Exercise goal:
Range to copy from the entries below: the line containing "The Figure 7" through the line containing "福建省教育厅公示福建省高校中华优秀传统文化传承基地认定结果", inclusive. Retype only those lines, exactly, without any images.

Record extracts:
BEGIN

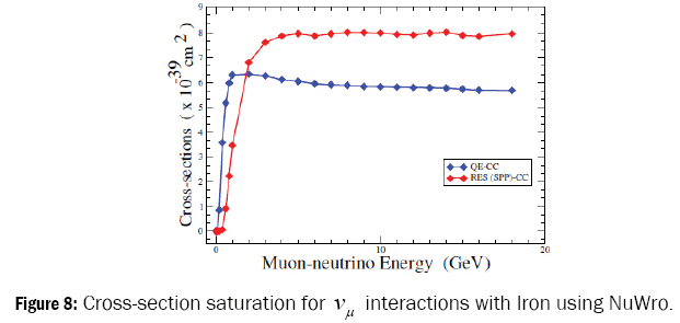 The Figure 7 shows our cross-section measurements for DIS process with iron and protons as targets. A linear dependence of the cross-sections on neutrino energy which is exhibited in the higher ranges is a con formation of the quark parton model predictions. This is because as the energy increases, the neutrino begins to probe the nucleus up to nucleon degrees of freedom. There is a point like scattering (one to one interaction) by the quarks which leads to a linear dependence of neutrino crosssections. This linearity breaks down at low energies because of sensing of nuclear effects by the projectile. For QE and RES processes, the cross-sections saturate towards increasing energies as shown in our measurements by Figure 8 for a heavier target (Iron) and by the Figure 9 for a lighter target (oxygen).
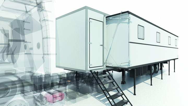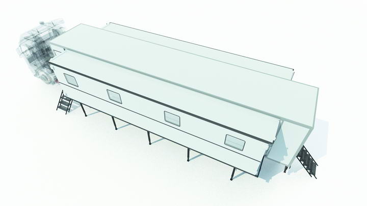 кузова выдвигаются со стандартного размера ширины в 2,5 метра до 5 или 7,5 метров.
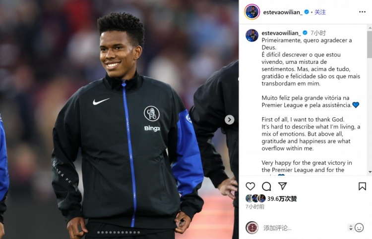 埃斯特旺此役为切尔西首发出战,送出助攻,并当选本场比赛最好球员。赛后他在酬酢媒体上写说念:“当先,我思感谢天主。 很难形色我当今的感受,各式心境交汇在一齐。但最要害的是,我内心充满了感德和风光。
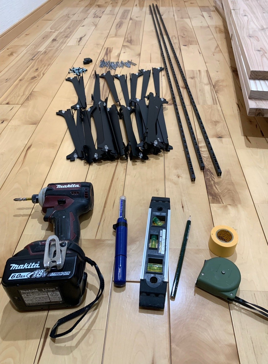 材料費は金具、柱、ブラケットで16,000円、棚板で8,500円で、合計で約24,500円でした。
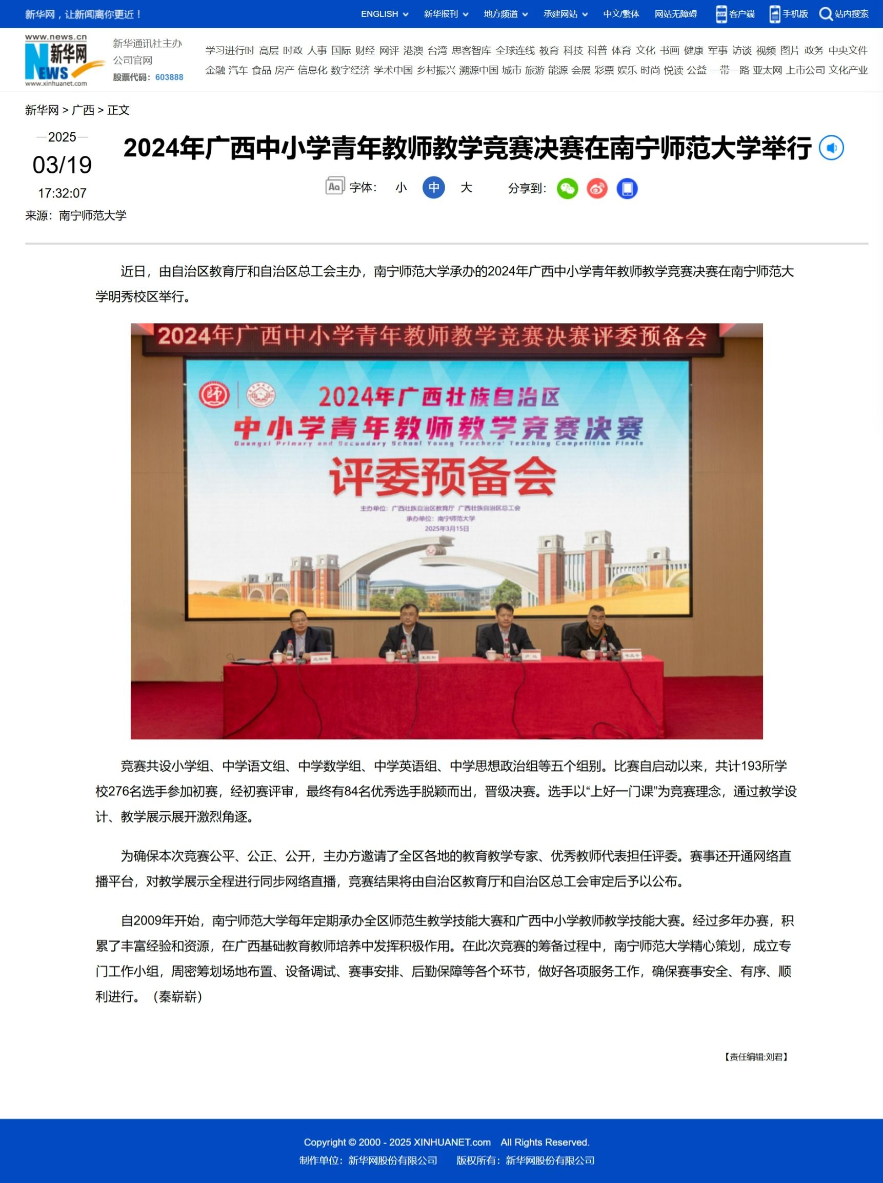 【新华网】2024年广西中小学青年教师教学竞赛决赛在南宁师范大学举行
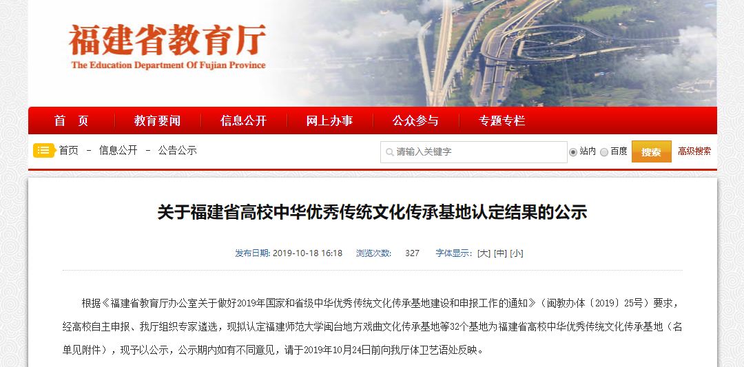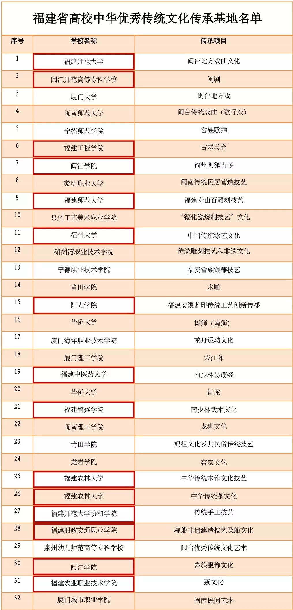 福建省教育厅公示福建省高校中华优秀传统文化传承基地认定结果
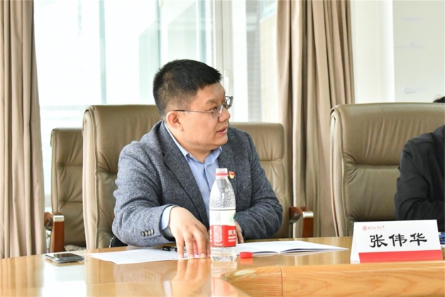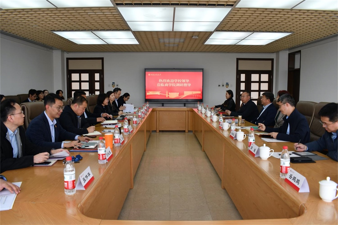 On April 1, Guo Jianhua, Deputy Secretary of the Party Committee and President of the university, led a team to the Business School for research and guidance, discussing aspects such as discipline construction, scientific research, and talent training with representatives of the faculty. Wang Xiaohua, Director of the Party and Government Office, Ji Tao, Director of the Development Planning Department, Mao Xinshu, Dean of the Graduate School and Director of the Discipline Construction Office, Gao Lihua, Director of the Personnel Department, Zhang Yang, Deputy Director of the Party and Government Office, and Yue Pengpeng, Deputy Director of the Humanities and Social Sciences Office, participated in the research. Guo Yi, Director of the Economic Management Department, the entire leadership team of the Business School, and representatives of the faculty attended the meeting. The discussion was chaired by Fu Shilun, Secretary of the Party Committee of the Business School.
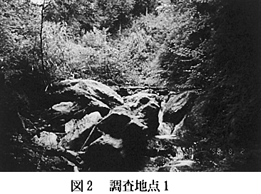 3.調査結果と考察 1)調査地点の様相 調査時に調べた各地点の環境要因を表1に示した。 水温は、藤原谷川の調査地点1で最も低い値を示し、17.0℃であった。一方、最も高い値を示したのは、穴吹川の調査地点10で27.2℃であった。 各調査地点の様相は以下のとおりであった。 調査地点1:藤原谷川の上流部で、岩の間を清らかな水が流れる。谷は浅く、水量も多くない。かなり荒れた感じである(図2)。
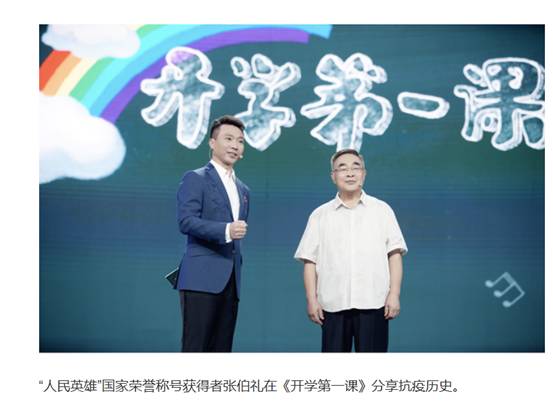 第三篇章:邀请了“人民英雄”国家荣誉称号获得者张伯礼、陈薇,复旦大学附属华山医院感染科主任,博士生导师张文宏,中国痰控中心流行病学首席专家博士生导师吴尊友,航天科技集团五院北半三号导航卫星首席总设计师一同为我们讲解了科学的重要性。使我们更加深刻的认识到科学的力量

END
BEGIN

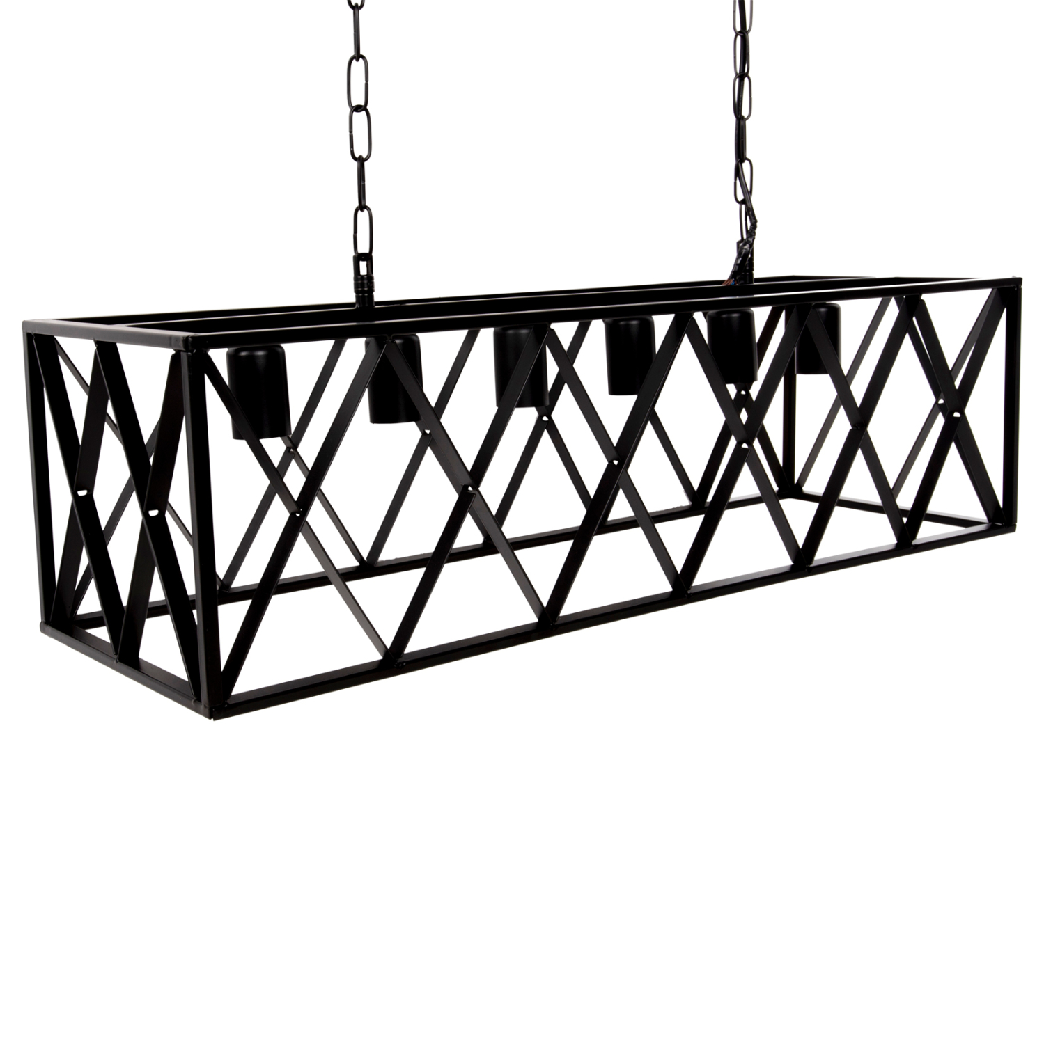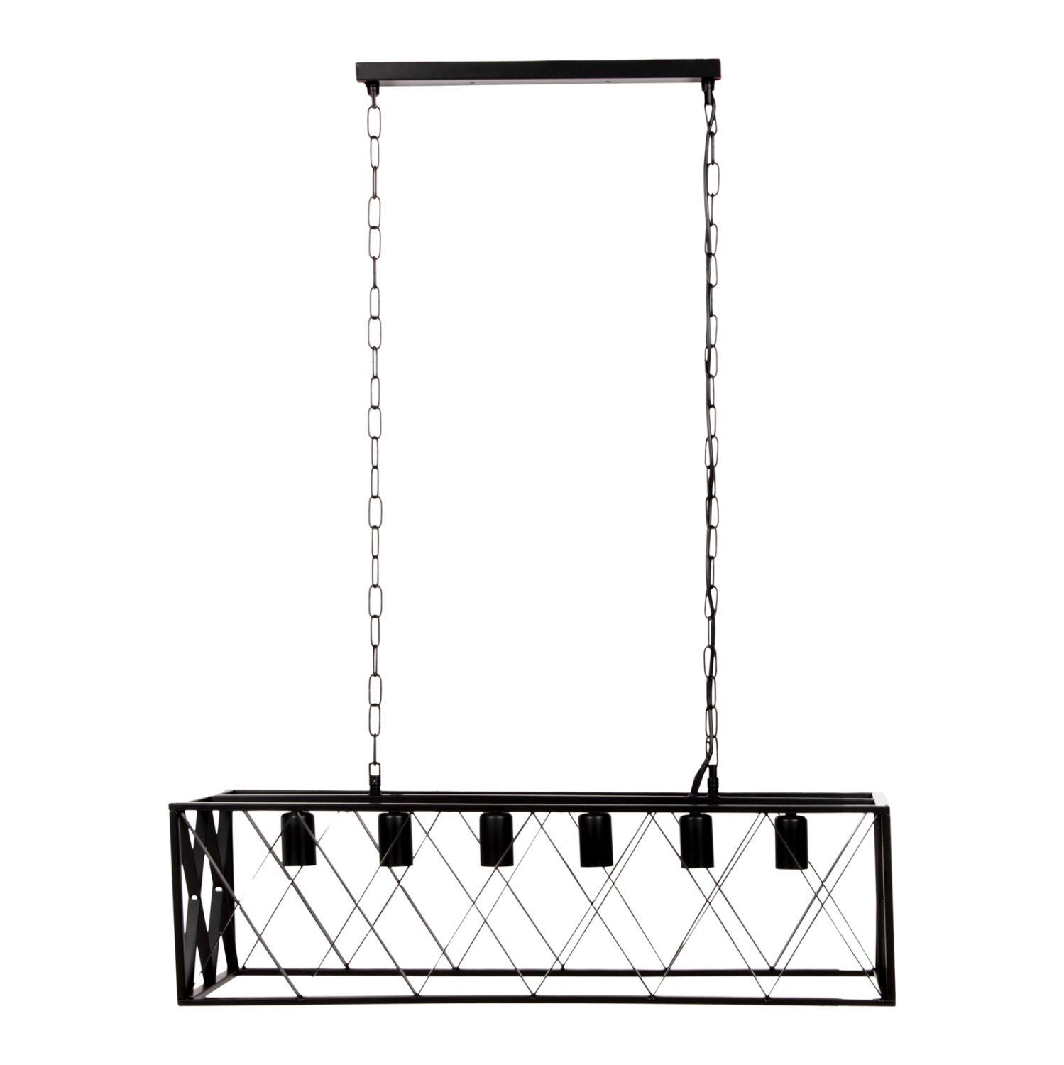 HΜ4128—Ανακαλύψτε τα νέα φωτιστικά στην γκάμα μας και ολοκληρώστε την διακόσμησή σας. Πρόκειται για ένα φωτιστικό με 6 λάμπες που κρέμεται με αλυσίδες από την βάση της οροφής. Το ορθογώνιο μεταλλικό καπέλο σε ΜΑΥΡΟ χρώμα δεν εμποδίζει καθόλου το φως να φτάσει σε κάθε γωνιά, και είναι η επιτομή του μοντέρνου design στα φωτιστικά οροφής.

END
BEGIN

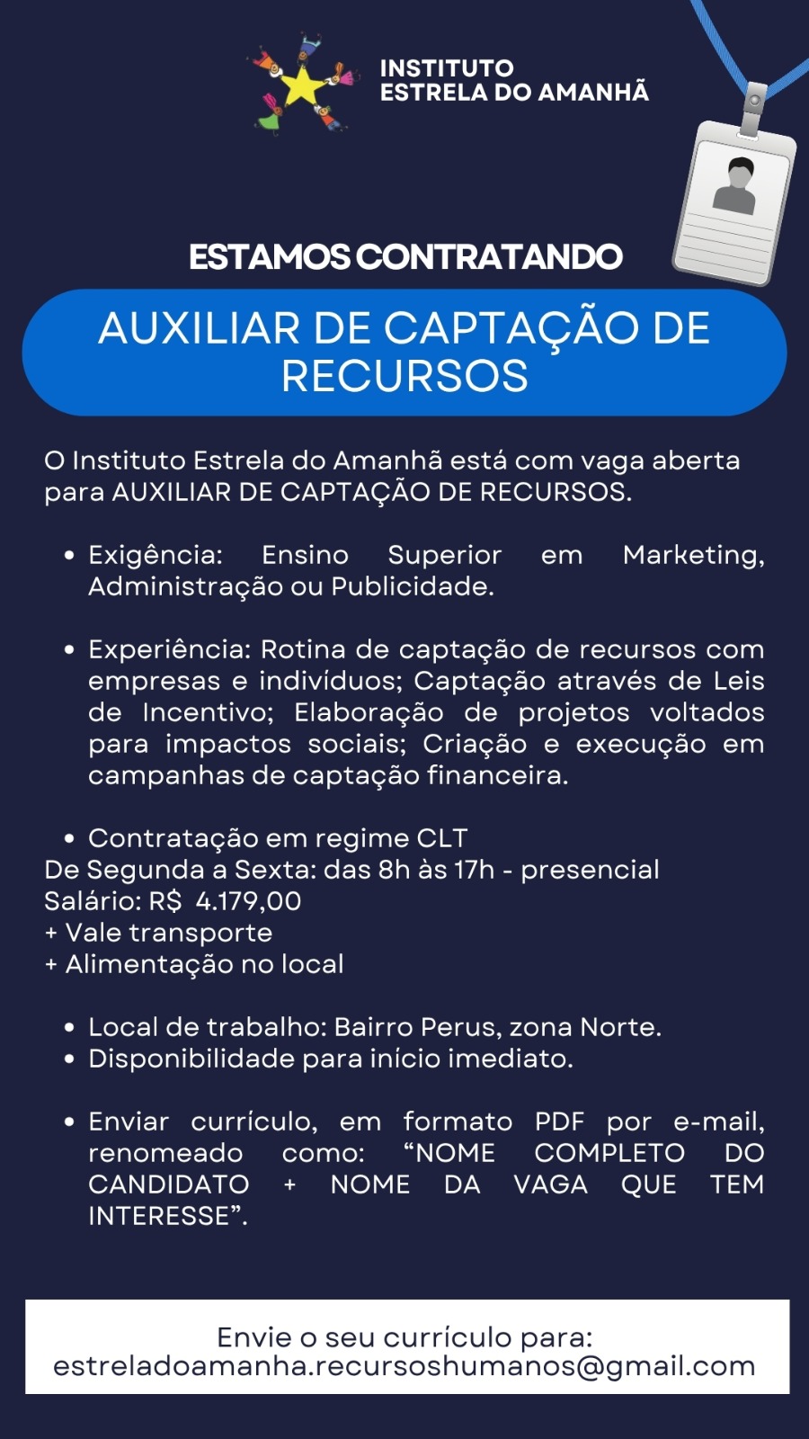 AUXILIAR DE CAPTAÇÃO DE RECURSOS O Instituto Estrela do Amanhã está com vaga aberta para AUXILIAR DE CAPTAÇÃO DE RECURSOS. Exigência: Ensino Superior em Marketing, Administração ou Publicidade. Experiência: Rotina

END

Exercise answer:
 The Figure 7 shows our cross-section measurements for DIS process with iron and protons as targets. A linear dependence of the cross-sections on neutrino energy which is exhibited in the higher ranges is a con formation of the quark parton model predictions. This is because as the energy increases, the neutrino begins to probe the nucleus up to nucleon degrees of freedom. There is a point like scattering (one to one interaction) by the quarks which leads to a linear dependence of neutrino crosssections. This linearity breaks down at low energies because of sensing of nuclear effects by the projectile. For QE and RES processes, the cross-sections saturate towards increasing energies as shown in our measurements by Figure 8 for a heavier target (Iron) and by the Figure 9 for a lighter target (oxygen).
 кузова выдвигаются со стандартного размера ширины в 2,5 метра до 5 или 7,5 метров.
 埃斯特旺此役为切尔西首发出战,送出助攻,并当选本场比赛最好球员。赛后他在酬酢媒体上写说念:“当先,我思感谢天主。 很难形色我当今的感受,各式心境交汇在一齐。但最要害的是,我内心充满了感德和风光。
 材料費は金具、柱、ブラケットで16,000円、棚板で8,500円で、合計で約24,500円でした。
 【新华网】2024年广西中小学青年教师教学竞赛决赛在南宁师范大学举行
 福建省教育厅公示福建省高校中华优秀传统文化传承基地认定结果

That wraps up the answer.